It also serves POST /search_chunks (hybrid BM25+vector search with AMB metadata enrichment) and a small admin surface for dead-letter replay, force-refetch, and takedown.

How this fits with amb-relay

amb-indexer is a paired service — it requires a running amb-relay on the other end. The relay accepts 30142 events; the indexer subscribes to them, fetches/extracts/chunks/embeds the referenced resources, and writes fulltext back via NIP-86 setcontent. Chunks go to a separate Typesense collection (amb_chunks_30142) which the indexer also serves over HTTP at /search_chunks.

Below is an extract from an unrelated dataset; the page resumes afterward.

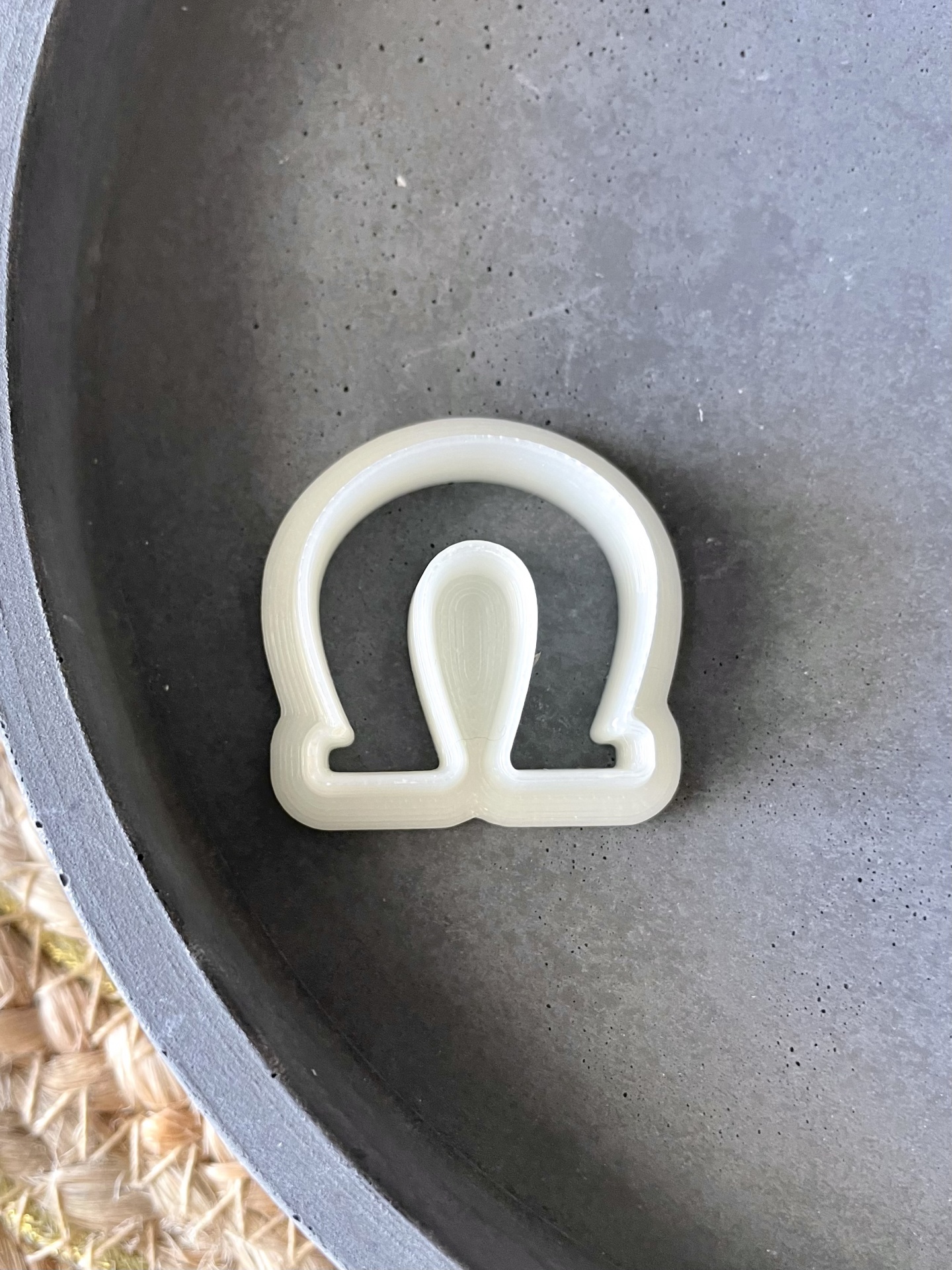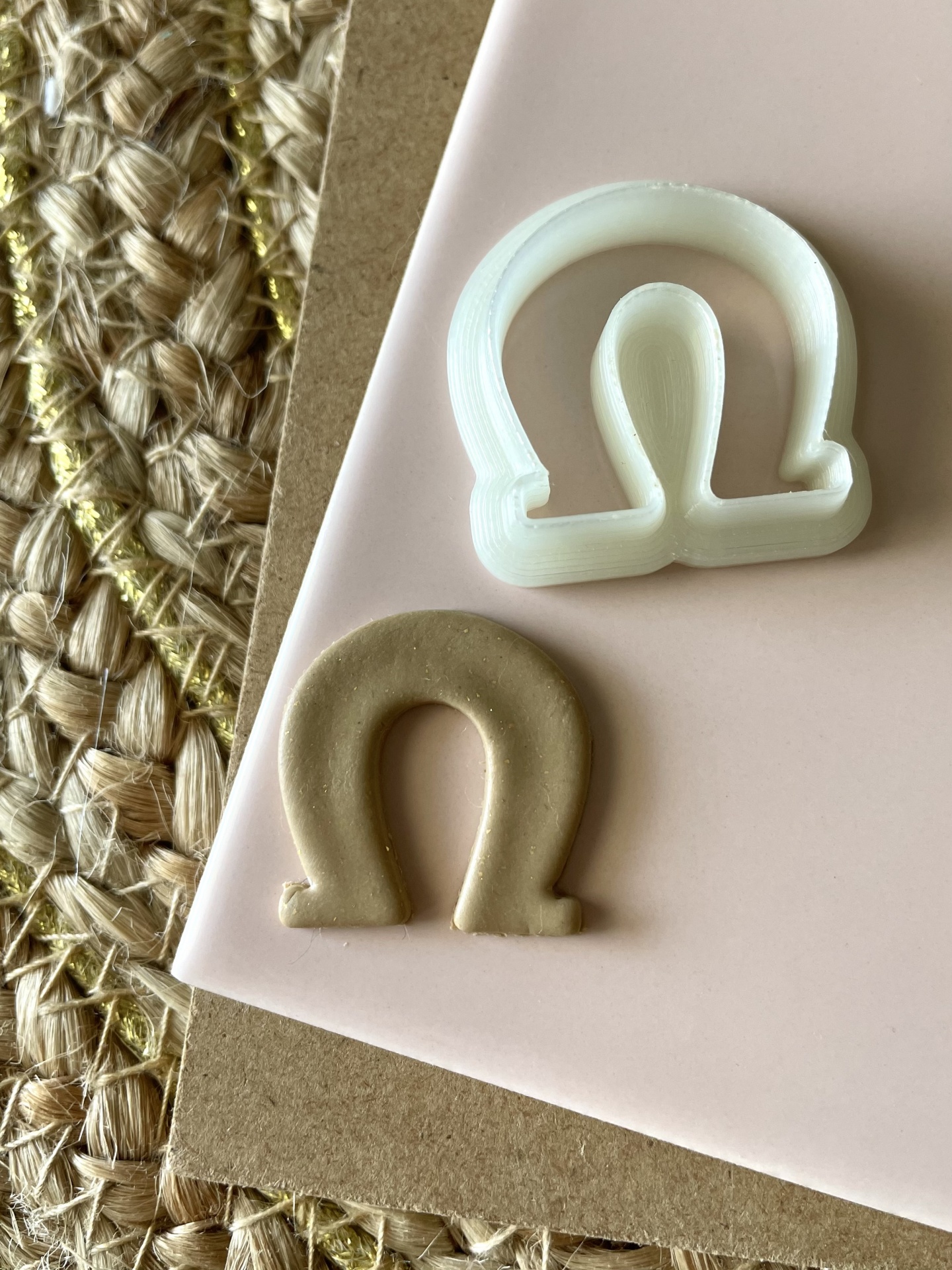 • Molde branco e cookie castanho em forma do símbolo ômega sobre superfície rosa, cartão e tapete de fibras naturais.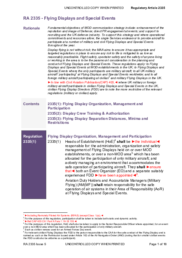 Regulations for UK military flying displays published by MAA revised as Issue 5 in 2015

For the full system diagram and operator guide see amb-relay/docs/architecture.md. For the relay's NIP-86 surface (including the setcontent / refetchcontent / listrefetch / acknowledgerefetch methods used by this service) see amb-relay/README.md.

Run locally

cp .env.example .env
# edit .env — at minimum set INDEXER_NSEC
go run .

Tests:

go test ./...

Configuration

All configuration is via environment variables. See .env.example for the full list with defaults. The required variables are:

RELAY_URL — WebSocket URL of the amb-relay
RELAY_NIP86_URL — HTTP base URL for NIP-86 calls against the relay
INDEXER_NSEC — nsec the indexer signs NIP-98 and setcontent events with
TS_HOST, TS_APIKEY — Typesense endpoint and API key
EMBED_ENDPOINT — HTTP endpoint of the embedding service
TIKA_URL — base URL of the Apache Tika server (for PDFs)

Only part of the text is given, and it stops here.